Connecting to a Windows Shared folder from Linux

Even though I have been using Windows and Linux separately for quite some time now, I only very recently had the need to access a shared folder on a Windows machine from a Linux box using a command line. I came across loads of information and tools which are available for accessing shares among Linux and Windows.

And even though there might have been some helpful page which has it all listed out - I had to go through a little bit of trouble finding what I had to know and do to make it work, so I am listing them down for future reference and/or helping out if someone finds themselves in a similar position.

Since I had to access the shared folder using command line (being used in a tool which I am using telnet to servers and running command from the telnet prompt to access certain files from Windows/Linux machines) most of the easiest ways e.g. using Filezilla, FTP amongst others were out, so to compile the information I found helpful:

1. I have to mount shared windows folders on the linux machine to be able to access those shared files

2. To be able to mount folders, the Linux machine needs Samba running (there are many helpful sites which help in setting up Samba) and to quickly check if it is running or not, type : ps -ef | grep smb (there is actually no space between 'ef', '|' and 'grep' - only for formatting purposes).

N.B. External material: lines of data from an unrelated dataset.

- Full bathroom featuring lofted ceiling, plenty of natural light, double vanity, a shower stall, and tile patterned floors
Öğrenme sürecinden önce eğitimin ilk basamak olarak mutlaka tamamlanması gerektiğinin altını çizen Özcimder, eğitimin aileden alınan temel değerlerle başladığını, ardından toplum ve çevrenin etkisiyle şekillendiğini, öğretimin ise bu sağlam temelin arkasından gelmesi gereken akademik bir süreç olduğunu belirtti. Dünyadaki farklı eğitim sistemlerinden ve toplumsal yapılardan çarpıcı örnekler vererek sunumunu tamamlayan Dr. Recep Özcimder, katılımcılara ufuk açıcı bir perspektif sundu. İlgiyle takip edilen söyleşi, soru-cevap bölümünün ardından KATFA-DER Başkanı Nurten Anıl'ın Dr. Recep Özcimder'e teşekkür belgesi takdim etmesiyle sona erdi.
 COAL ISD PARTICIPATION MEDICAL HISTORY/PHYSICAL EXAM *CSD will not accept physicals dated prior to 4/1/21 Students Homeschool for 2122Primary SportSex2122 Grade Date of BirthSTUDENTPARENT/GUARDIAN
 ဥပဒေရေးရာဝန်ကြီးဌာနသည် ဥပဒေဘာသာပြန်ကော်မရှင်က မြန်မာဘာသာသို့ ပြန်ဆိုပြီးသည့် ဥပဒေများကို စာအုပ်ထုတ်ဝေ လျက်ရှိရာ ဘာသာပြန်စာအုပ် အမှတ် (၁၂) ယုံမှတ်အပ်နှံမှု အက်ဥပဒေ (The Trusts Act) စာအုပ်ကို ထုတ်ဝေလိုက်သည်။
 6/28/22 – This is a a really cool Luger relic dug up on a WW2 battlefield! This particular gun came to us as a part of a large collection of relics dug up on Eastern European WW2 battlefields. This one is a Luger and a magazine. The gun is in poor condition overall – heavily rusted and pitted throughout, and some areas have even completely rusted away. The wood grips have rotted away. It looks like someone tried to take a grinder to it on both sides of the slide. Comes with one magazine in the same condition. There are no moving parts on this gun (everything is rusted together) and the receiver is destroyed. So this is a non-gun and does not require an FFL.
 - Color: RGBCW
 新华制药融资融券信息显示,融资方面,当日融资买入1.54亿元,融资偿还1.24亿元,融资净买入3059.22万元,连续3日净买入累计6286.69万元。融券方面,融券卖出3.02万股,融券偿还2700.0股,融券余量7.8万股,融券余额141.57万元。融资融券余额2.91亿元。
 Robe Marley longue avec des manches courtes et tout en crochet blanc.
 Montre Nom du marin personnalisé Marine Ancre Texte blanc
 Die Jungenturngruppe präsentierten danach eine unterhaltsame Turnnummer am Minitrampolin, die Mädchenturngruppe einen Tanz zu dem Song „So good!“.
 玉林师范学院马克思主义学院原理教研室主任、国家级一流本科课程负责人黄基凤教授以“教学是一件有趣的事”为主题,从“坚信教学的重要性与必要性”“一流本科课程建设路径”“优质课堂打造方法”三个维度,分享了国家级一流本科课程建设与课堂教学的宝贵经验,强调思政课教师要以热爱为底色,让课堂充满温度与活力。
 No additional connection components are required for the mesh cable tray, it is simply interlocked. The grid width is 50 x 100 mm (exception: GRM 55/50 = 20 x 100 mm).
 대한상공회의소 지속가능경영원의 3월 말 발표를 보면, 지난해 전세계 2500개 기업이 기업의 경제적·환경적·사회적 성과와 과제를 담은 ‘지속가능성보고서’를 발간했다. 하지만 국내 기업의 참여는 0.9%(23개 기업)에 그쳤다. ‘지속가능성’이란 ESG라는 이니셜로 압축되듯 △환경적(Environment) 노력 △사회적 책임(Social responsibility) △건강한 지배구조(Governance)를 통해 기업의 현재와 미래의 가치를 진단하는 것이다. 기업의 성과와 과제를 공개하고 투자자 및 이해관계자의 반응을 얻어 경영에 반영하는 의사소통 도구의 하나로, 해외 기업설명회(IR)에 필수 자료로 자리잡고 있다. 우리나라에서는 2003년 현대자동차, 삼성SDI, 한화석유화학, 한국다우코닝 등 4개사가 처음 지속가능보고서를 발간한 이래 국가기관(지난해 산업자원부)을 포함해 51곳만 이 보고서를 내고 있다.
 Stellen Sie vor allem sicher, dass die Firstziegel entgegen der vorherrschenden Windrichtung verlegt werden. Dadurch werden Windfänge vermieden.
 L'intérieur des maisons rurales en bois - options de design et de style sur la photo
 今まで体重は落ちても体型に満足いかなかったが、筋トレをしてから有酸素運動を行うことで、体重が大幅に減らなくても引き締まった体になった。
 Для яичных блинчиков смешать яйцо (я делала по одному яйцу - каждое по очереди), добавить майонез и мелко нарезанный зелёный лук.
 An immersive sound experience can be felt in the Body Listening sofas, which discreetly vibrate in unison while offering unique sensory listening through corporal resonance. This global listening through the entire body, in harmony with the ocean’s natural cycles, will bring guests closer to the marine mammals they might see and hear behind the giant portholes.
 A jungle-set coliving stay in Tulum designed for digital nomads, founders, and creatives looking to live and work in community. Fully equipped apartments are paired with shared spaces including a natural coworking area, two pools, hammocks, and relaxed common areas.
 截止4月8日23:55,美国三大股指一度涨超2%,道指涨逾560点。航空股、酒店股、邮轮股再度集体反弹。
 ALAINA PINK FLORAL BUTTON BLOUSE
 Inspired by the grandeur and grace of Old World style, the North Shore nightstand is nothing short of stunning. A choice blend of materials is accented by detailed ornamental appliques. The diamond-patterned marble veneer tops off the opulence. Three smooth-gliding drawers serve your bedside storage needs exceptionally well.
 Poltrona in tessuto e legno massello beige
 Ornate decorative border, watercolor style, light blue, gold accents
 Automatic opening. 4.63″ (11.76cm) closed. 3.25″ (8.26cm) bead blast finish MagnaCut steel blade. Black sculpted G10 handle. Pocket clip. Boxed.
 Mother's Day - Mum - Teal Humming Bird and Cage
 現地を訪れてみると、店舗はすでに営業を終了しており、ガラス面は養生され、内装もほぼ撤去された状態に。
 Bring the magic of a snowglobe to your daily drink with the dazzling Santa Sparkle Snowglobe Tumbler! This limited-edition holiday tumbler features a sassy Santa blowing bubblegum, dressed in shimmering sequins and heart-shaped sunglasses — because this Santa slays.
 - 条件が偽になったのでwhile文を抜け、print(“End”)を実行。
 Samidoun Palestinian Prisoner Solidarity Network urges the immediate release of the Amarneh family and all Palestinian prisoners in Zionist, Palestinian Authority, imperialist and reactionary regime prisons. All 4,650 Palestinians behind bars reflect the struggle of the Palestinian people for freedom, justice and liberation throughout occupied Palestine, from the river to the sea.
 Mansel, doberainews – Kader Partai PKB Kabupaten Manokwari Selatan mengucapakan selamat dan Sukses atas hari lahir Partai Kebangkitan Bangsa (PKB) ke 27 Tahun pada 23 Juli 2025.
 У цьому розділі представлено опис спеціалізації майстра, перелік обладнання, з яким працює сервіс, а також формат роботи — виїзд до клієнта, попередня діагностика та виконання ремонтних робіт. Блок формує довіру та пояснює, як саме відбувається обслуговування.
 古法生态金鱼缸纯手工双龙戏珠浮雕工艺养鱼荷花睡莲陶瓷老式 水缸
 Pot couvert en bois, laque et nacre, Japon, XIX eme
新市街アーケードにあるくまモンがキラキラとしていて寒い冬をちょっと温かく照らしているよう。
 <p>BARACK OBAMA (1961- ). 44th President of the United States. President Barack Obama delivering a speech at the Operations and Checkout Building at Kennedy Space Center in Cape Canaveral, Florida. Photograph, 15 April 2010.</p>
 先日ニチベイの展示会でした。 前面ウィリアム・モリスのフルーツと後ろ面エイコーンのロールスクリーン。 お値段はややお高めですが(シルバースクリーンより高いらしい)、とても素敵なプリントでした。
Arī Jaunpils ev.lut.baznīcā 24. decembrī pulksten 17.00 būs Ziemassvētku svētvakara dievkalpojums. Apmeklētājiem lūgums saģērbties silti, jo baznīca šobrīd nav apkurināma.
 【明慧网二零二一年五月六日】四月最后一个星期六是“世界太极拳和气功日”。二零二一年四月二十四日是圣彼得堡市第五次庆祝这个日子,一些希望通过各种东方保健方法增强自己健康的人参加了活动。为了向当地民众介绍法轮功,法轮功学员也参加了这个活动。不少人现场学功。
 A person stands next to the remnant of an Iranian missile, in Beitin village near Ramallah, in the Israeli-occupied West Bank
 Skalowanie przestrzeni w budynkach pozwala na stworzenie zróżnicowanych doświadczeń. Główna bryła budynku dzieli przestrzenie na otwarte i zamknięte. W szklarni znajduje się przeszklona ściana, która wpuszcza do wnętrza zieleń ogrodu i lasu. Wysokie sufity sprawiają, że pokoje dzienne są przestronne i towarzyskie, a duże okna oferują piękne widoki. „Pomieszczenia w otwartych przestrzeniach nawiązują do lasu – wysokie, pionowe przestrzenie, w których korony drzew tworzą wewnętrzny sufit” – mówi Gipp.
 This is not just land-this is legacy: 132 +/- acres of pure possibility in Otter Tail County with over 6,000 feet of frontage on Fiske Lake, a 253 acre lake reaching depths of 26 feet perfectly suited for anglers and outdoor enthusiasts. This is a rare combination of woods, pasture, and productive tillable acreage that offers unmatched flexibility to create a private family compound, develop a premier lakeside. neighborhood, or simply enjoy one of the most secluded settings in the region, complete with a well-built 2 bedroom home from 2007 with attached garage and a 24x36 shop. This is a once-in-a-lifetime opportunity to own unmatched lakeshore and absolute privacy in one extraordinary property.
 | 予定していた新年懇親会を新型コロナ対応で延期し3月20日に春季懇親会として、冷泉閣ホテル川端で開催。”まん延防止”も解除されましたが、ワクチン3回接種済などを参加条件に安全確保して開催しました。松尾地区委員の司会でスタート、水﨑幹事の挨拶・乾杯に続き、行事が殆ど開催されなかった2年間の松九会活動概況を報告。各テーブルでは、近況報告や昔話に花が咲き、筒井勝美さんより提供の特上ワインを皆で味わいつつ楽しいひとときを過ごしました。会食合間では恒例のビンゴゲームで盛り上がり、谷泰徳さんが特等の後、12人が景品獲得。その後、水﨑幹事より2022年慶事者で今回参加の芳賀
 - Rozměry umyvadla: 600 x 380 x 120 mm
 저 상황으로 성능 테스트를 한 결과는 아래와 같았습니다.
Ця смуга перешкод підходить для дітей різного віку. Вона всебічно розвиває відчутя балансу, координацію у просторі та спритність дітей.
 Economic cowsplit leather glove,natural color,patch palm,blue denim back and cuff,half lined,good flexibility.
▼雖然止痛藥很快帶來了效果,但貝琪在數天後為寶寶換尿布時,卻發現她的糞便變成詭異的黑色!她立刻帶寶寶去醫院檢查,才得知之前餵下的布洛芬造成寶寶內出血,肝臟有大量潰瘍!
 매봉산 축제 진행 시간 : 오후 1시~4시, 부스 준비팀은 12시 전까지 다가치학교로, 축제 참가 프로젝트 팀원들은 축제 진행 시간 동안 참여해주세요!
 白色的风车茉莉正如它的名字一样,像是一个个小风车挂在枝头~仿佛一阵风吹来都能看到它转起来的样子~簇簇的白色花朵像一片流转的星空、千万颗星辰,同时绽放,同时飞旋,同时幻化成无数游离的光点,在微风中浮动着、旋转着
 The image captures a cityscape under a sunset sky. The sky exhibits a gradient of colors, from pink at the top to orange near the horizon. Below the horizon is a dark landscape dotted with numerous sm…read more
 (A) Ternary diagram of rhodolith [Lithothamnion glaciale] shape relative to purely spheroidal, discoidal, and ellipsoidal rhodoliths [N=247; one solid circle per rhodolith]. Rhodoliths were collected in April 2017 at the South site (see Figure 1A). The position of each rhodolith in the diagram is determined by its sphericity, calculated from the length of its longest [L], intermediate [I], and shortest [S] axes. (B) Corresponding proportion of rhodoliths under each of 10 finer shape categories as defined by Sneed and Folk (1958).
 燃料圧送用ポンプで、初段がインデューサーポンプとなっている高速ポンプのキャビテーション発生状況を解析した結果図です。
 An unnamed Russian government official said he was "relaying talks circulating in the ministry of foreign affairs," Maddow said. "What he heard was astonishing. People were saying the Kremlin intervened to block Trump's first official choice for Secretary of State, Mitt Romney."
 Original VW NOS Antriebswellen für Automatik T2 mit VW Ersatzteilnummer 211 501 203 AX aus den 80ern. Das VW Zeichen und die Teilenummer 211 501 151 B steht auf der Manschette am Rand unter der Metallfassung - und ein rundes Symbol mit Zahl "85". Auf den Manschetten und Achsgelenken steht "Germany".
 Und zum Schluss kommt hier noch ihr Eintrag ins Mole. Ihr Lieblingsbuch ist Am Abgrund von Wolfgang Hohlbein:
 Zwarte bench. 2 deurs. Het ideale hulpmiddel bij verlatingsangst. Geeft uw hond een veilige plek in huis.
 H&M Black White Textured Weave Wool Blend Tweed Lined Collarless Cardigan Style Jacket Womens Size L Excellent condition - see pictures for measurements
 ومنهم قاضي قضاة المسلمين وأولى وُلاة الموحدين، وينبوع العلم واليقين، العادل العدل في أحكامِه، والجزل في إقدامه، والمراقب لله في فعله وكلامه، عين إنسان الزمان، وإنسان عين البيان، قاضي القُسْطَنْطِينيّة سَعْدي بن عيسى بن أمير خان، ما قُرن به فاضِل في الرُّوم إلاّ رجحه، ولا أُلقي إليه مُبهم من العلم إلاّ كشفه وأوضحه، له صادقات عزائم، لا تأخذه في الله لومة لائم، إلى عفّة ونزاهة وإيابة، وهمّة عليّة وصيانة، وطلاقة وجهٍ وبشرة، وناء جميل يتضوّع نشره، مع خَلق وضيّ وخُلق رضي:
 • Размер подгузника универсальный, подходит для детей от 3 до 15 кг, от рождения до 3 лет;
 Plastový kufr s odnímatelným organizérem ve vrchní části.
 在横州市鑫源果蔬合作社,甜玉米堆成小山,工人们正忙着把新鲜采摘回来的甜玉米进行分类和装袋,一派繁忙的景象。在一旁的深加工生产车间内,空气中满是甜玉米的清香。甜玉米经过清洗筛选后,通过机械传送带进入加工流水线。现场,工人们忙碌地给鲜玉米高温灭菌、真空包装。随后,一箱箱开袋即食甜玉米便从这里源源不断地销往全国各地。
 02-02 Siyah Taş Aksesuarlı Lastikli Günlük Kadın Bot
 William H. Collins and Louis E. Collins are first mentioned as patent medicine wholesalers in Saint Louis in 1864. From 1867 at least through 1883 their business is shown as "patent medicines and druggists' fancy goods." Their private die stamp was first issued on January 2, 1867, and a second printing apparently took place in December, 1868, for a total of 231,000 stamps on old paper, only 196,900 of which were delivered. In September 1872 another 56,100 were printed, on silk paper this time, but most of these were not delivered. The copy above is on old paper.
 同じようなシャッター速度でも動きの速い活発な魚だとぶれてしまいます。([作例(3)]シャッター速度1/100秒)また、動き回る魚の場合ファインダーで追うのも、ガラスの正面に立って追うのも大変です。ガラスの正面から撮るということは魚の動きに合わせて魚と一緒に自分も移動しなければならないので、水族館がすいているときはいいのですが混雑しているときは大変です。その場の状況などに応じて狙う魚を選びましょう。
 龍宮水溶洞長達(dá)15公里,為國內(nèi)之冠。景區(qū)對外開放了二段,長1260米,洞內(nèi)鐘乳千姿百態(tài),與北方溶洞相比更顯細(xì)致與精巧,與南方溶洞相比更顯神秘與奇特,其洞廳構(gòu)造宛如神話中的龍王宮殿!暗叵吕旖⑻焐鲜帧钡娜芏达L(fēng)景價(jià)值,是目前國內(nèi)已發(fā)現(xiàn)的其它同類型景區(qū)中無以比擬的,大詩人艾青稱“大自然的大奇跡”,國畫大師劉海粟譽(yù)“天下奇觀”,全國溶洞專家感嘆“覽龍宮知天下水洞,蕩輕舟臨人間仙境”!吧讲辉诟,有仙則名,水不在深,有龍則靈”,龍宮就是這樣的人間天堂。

If results with smbd -D show up, it means Samba is already installed and working (which was in my case)

another way to check it is going through the UI looking for "Connect to Server.." and actually trying to connect to the share - but only for confirmation since this method was out of bounds for me.

3. Create a folder where the shared folder will be mapped to in /mnt - at the end of the process all the shared folder contents show up in this folder.

4. Many helpful forums suggested using something like:

sudo mount -t nsf -o username=xxx,password=xxx //<IP/hostname>/<shared folder> /mnt/<mapped folder>

or without the '-t nsf' which is for the network shared file type, but unfortunately they didn't work, but

sudo mount -t cifs //<IP address/hostname>/<Shared folder name> /mnt/<created folder for mapping> -o username=xxx,password=xxx

worked for me (the share was on a Windows Server 2008 R2 machine)

Incase Windows to Windows shared map has to be created the best way I found to be was to use:

net use <free drive Letter>: \\<IP/hostname>\<shared folder> /user:<username> <password>

Clean up also should be performed, using umount and /delete with net use for the Linux and Windows respectively created mapped shared locations.